Was just wondering how this phrase came into being? Was it inspired from some natural or astronomical observation? or is it the result of poetic imagination?


4 Answers 4


The Online Etymology Dictionary gives the following origin:

blue moon
1821 as a specific term in the sense "very rarely," perhaps suggesting something that, in fact, never happens (cf. at the Greek calends); suggested earliest in this couplet from 1528:

Yf they say the mone is blewe,
We must beleve that it is true.

Though this might refer to calendrical calculations by the Church, so that the general sense of the term and the specific one (commonly misinterpreted as "second full moon in a calendar month," but actually a quarterly calculation) are difficult to disentangle. In either case, the sense of blue is obscure. Literal blue moons do occasionally occur under extreme atmospheric conditions.

So as you suggest, its origin could be either poetic or astronomical. Perhaps the latter inspired the former? A lot older than I would have guessed, in any case!

As for alternatives, the most obvious one is simply "[very] rarely". A more interesting one is "black swan", which can be used to describe a very infrequent event.

  • Black swan (at least originally) means 'something believed impossible but proved true'. The phrase was commonly used in early philosophy books as an example of contingent impossibility (as a matter of fact, all swans are white, but there is no necessity for it), until the discovery of Australia which does in fact contain black swans. Feb 28, 2012 at 11:24

A Blue moon is the second full moon in the same month.

As a full moon appears every 28 days the chances of a full moon happening twice in the same month are very rare.

This brings us to the common expression:

Once in a blue moon.

Meaning it happens very rarely.

Though Dr Hiscock in one of his books noted this is a modern interpretation of the term "Blue Moon"; Historically it has probably been related to the moon changing colour because of atmospheric conditions (which was even more rare).

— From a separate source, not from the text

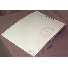 DESENHO EM PAPEL CANSON (TAM A3) DO PRESIDENTE LUIZ INÁCIO LULA DA SILVA,USANDO A FAIXA PRESIDENCIAL. DESENHO COLOCADO EM PASTA ABERTA NA COR AZUL MARINHO. NO VERSO DO DESENHO, ESTÁ ESCRITO: 'DE: GUILHERME BARREIROS PARA: EXCELENTISSIMO SENHOR PRESIDENTE LUIZ INACIO LULA DA SILVA 27/05/2003'. NA CONTRA-CAPA DA PASTA: 'GUILHERME B. RUBIRELLO SANTO ANDRÉ - SP TENHO 11 ANOS FEZ O DESENHO OLHANDO UMA FOTO'.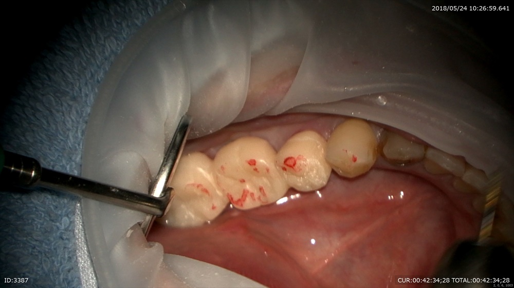 仮歯セットポンティック部を押しています。

  • I have never heard of this meaning before. Please support your claim with evidence.
    – Noldorin
    Jan 16, 2011 at 22:08
  • This meaning is disputed, but is not unusual: en.wikipedia.org/wiki/… Jan 16, 2011 at 22:23
  • Looks like it comes from an incorrect interpretation of an earlier text. But I stand by what I have written (even if this is the modern interpretation). The phrase still means very rarely. Jan 16, 2011 at 23:27
  • I don't know if this is the real origin but it is certainly one of the meanings around.
    – neil
    May 13, 2011 at 9:25
  • 1
    I think it's much more likely that the "two moons in the same month" meaning was inspired by the "once in a blue moon" idiom. Aug 30, 2023 at 16:54

In answer to the request for a synonymous expression, here is a quaint regionalism:

Preston Guild is a fair which is held every twenty years in, surprise surprise, Preston in Lancashire (there are many Prestons in England but the Lancashire one is the biggest by several orders of magnitude). In my lifetime, and I’ll be 67 in a few weeks, there have only been three Preston Guilds: in 1972, 1992 and 2012. I caught a little bit of the 2012 one just to be able to say I had.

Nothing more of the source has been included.